Check out www.pathtofreedom.com and see what can be done on less than 1/4 acre then imagine the possibilities of twice the land!


----------



## MissQueenie (Feb 15, 2006)

Thanks for the responses!

Who would I contact in our town about land use laws? The county extension office is just up the street, but they don't do soil tests -- I asked  Would the folks in the extension office know about the land use laws as well? A little more than half of the old homes on our street have been converted into businesses (dentist, day care, quilt shop, etc) -- our immediate neighbor on the south side is an acupuncture office, but the neighbor on the north side is an elderly couple.
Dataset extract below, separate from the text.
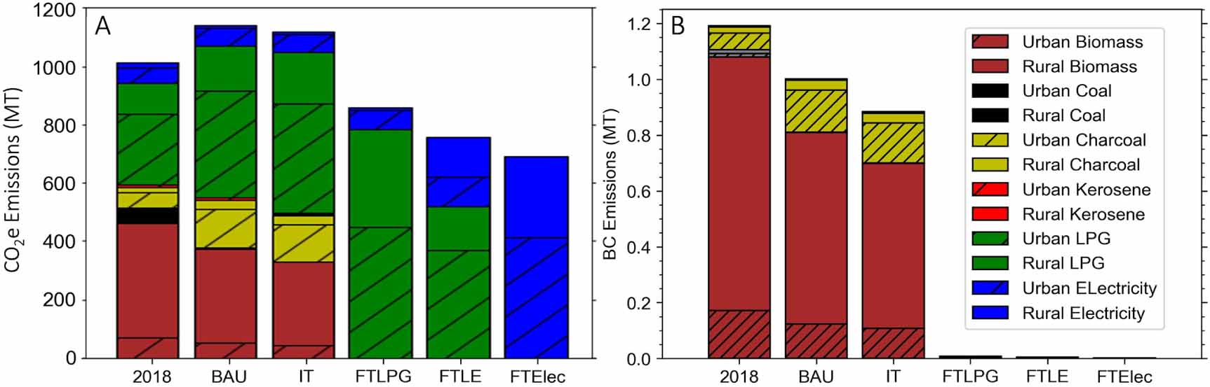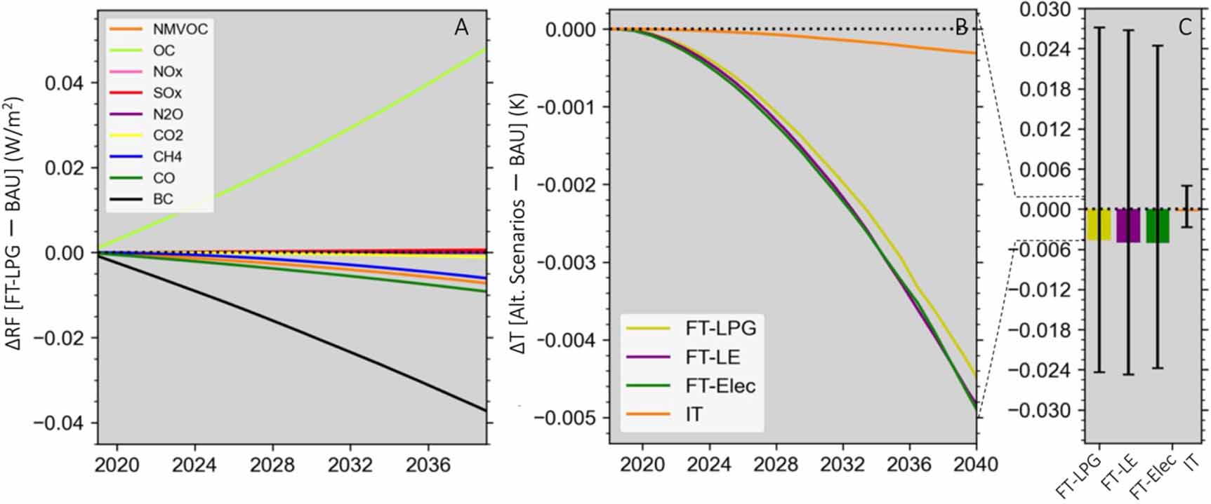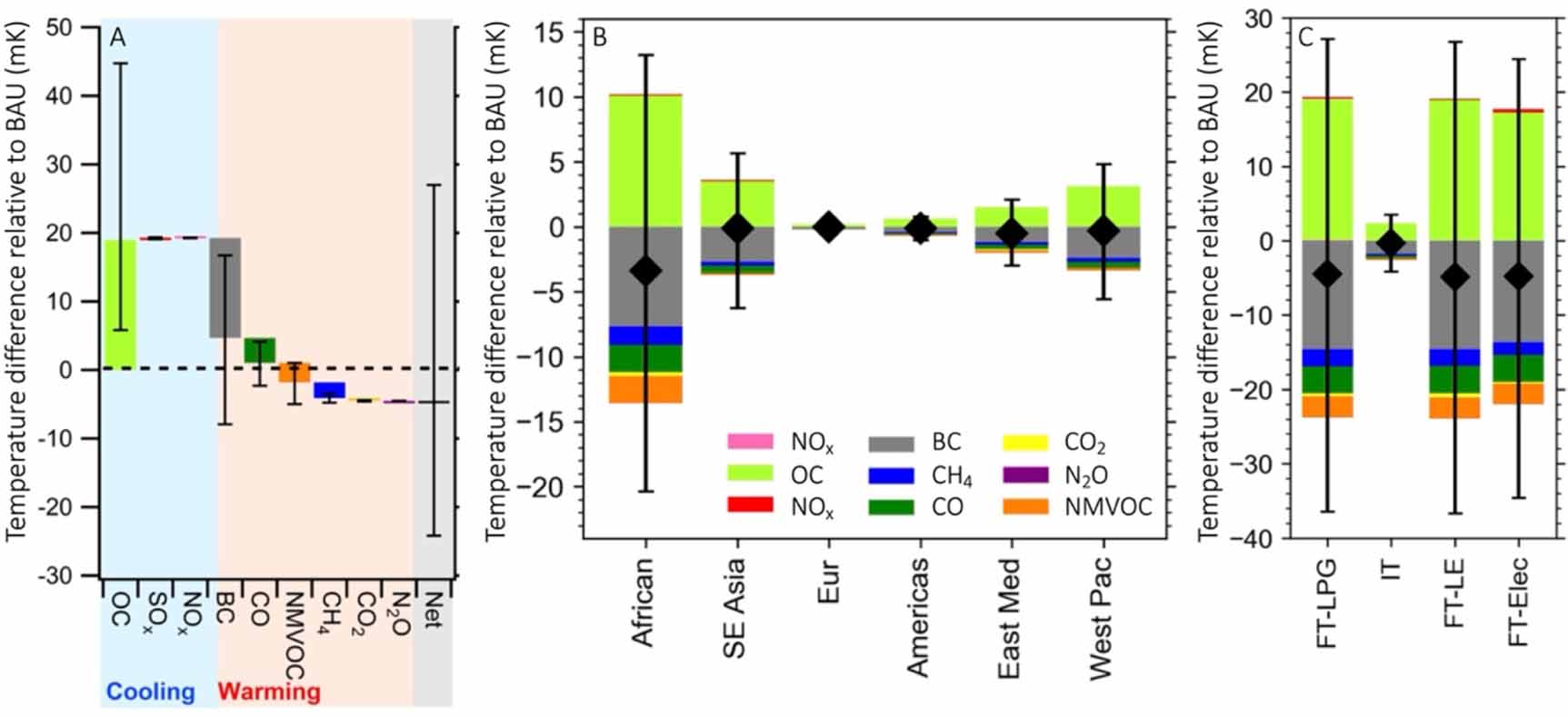 Incremental changes, illustrated by our IT scenario, result in modest reductions in climate forcers and negligible short-term temperature impact relative to BAU. In contrast, full transitions to LPG and/or electricity result in near elimination of the strongest SLCFs resulting in 4.7–5.2 millikelvins near-term cooling compared to BAU as well as substantial reductions of well-mixed GHGs that would contribute to long-term cooling. The same transitions result in near elimination of PM2.5. Under some scenarios, emissions of NOx or SOx increase, but the health benefits of zeroing out PM2.5 emissions from household sources would far outweigh the impacts of additional NOx and SOx . This is a rare example in which a fossil fuel-based energy transition can mitigate short- and long-term climate change while bringing large co-benefits: reduced health risks, time savings, and other social benefits associated with access to clean cooking options.

The south side of the property is fairly shady, but the north side is sunnier. The previous owner paved the sunniest part of the property for RV parking, and we plan to rip up the asphalt in that section to make room for a very large vegetable garden.


----------



## brody (Feb 19, 2009)

your planning and permit folks would be the ones who would know the zoning for the different places in town


----------



## hotzcatz (Oct 16, 2007)

We have half an acre and when we had two geese and a dozen and a half chickens they pretty much grazed all the grass off it. It was a hot dry year and by the end of summer, there was no more grass. We've cut the chickens back to just six chickens and the geese live with some folks who have a larger yard now. So, for grazing critters, I'd suggest starting small and checking to see if you have enough grass for them all.


----------



## pourfolkes (Jul 1, 2005)

I have an acre and I have 13 chickens, 3 gees and 5 goats with no problems at all...plenty of grass for them, the chickens and geese keep the snakes away.


----------



## Evons hubby (Oct 3, 2005)

MissQueenie said:


> My husband and I are in the process of purchasing a home in a small town that sits on about half an acre. The yard is large and has a few trees on the southern side of the property, and it slopes gently from east to west. I love the property and the house on it -- of course, I'd really like to have much more land, but DH doesn't share my interest in homesteading! -- so here's my question:
> 
> If you only had a half acre of property, what would you do with it?
> 
> I'm interested in keeping bees and a few laying hens, and growing food. How would you divide your space? What would you grow?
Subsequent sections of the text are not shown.